“George,” they said, “is treating the king like a child.” “Yes,” replied Westbeech; “I have been trusted by Moselikatze himself to drive his waggon and treat him as a child; and surely if I may do this with Moselikatze, I may do it with his son too; I am treating Lo Bengula as my child.” The answer seemed thoroughly to satisfy the chiefs, and they clapped their hands in applause.
I asked the Masupia servant whom Westbeech had taken with him to Gubuluwayo, whether the Matabele women were handsome? “O, not at all,” was his answer; “they wear no aprons, and are not tattooed.” Their well-built forms and comely features had evidently made no impression upon the man.

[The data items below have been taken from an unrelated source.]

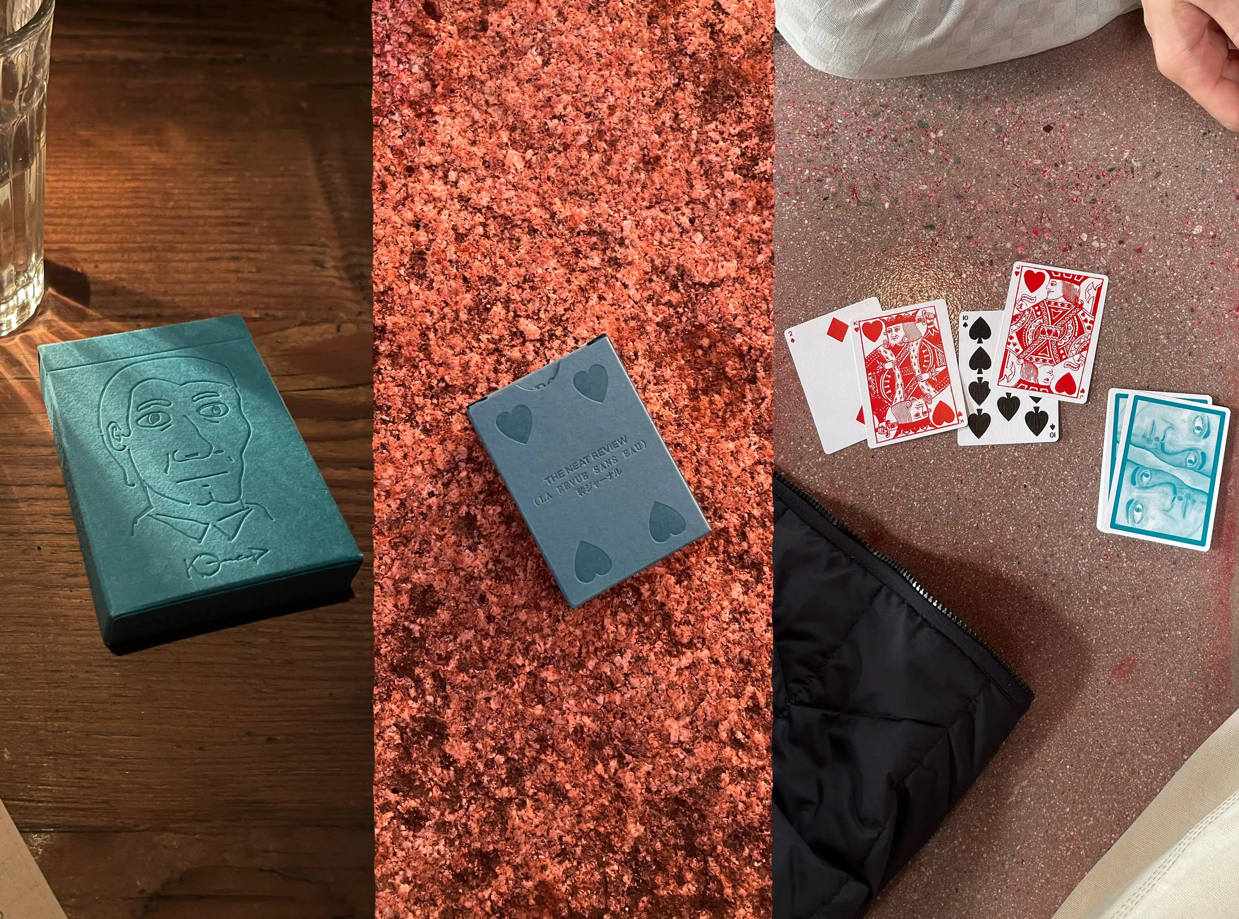 The long-sold-out DEARMERS playing cards from 2021 return in a teal colourway. The back design of these cards is a re-imagination of long-time NEAT REVIEW collaborator Kez Dearmer's 2019 painting "The Alcoholic", featuring a recent embellishment on this painting by Kez on the tuck.
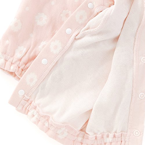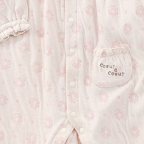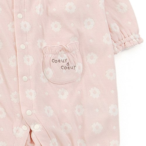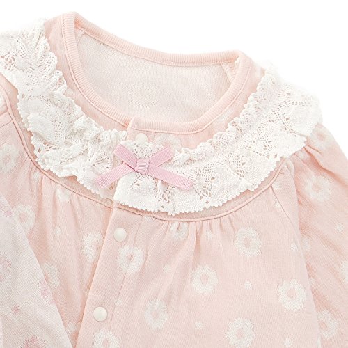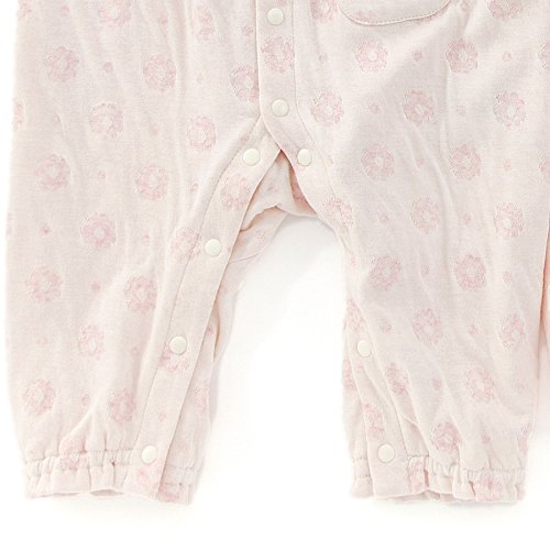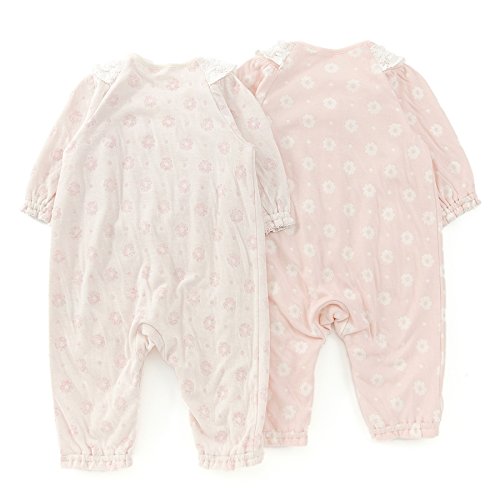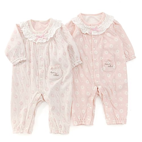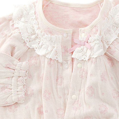 お花とドット柄がかわいいカバーオール♪やわらかくて肌触りの良い接結素材は赤ちゃんにもやさしい♪胸元のレースやリボンが華やかで魅力的♪赤ちゃんのお顔まわりを明るくさせてくれます♪
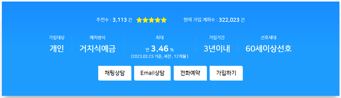 NH농협은행 홈페이지 최신 자료에 따르면 농협 정기예금 금리가 가장 높은 축협중앙회 지점은 경기도 화성에 있는 태안농협의 ‘전자이자우선적금’이다. 연 0.6%p까지 우대금리를 적용하면 4.5%의 세전이율을 얻을 수 있다고 한다. 단, 모든 조건이 충족되어야 하므로 꼼꼼히 확인하셔야겠죠? 또한 대부분의 지점에서 최소 2.7%에서 최대 4.0%의 금리를 제공합니다. 확실히 시중은행보다는 높긴 하지만 그래도 아쉽네요.
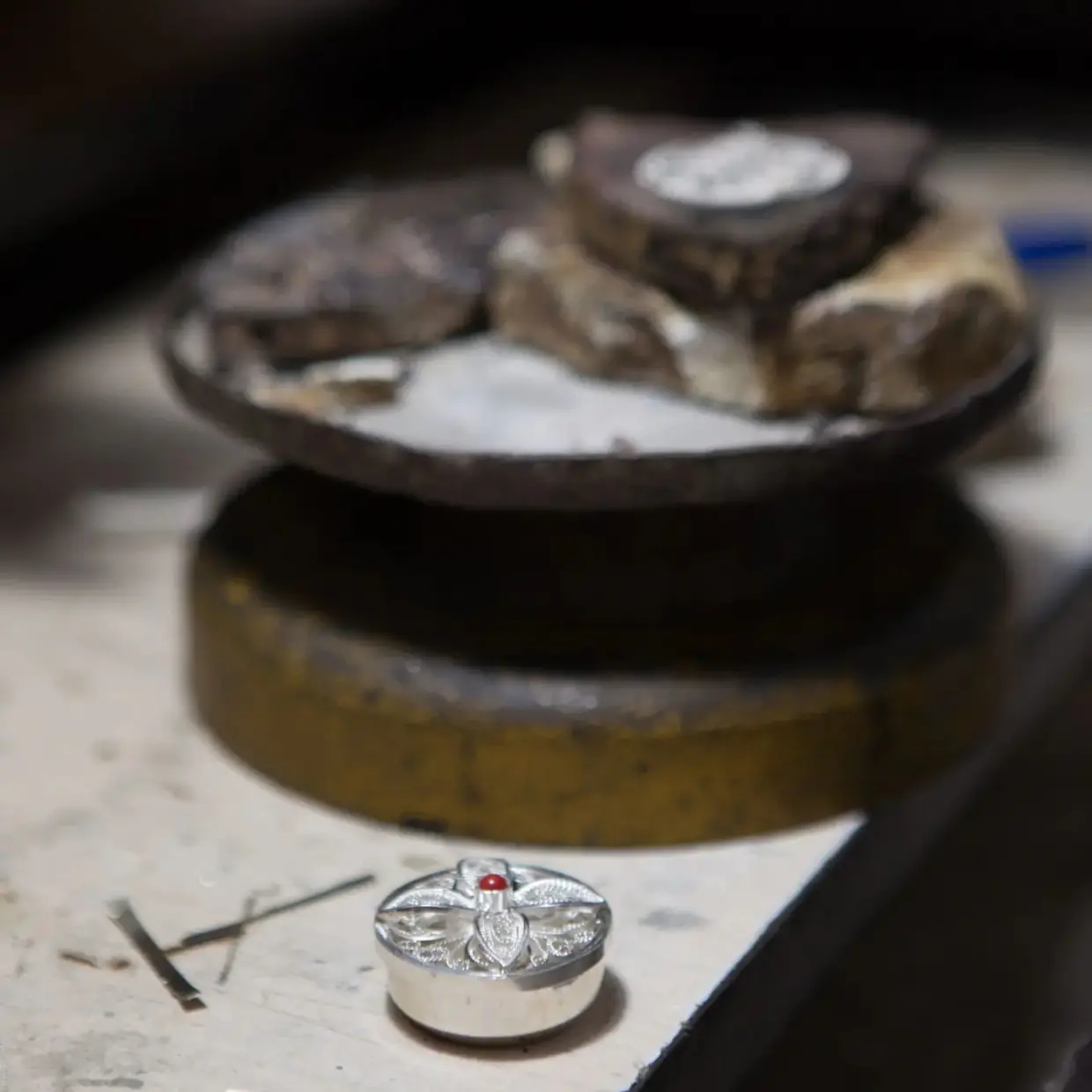 Alongside the enamel technique, she is also skilled in metal chasing and filigree, which are considered among the oldest techniques in jewellery making. She learned to work with metal and natural stones from her father, and later continued her studies at the Patriarchate’s College, Faculty of Enamel. After graduating from college, she continued the family tradition and began working together with her brother using various jewellery techniques, including chasing and filigree.
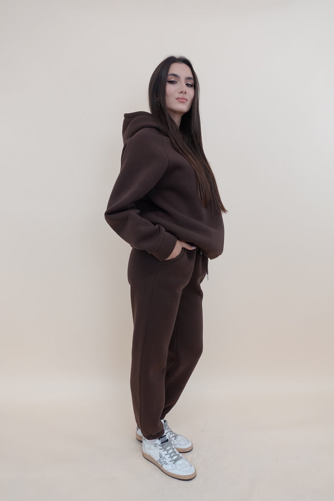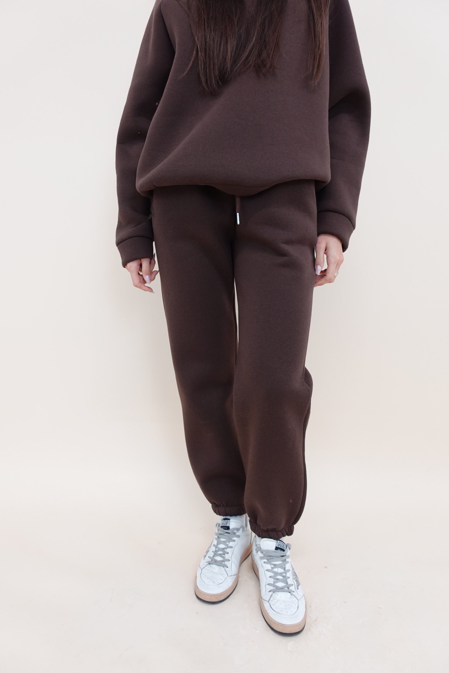 Pantalone felpato con elastico in vita, tasche laterali e polsino sul fondo

Before closing my notes about Tati, I cannot help mentioning an incident that occurred in Pit Jacobs’ house, in February, 1876. Jacobs himself, with two of his sons and his elder daughter, had gone on a hunting-excursion to South Matabele-land, leaving his wife, his younger daughter, just now married to Mr. Brown, his two little boys, and a Masarwa servant in the house. The house was what is locally known as a “hartebeest” building, its four walls consisting of laths plastered over with red brick earth, and covered in with a gabled roof made of rafters thatched with grass. Inside, of the same material as the walls, was a partition dividing the house into two apartments, of which the larger was the living-room, and the other the sleeping-chamber of the family. In the larger room, amongst other furniture, stood a sewing-machine that Mr. Brown had just bought as a present for his intended wife; in the other room, opposite the door, were two beds.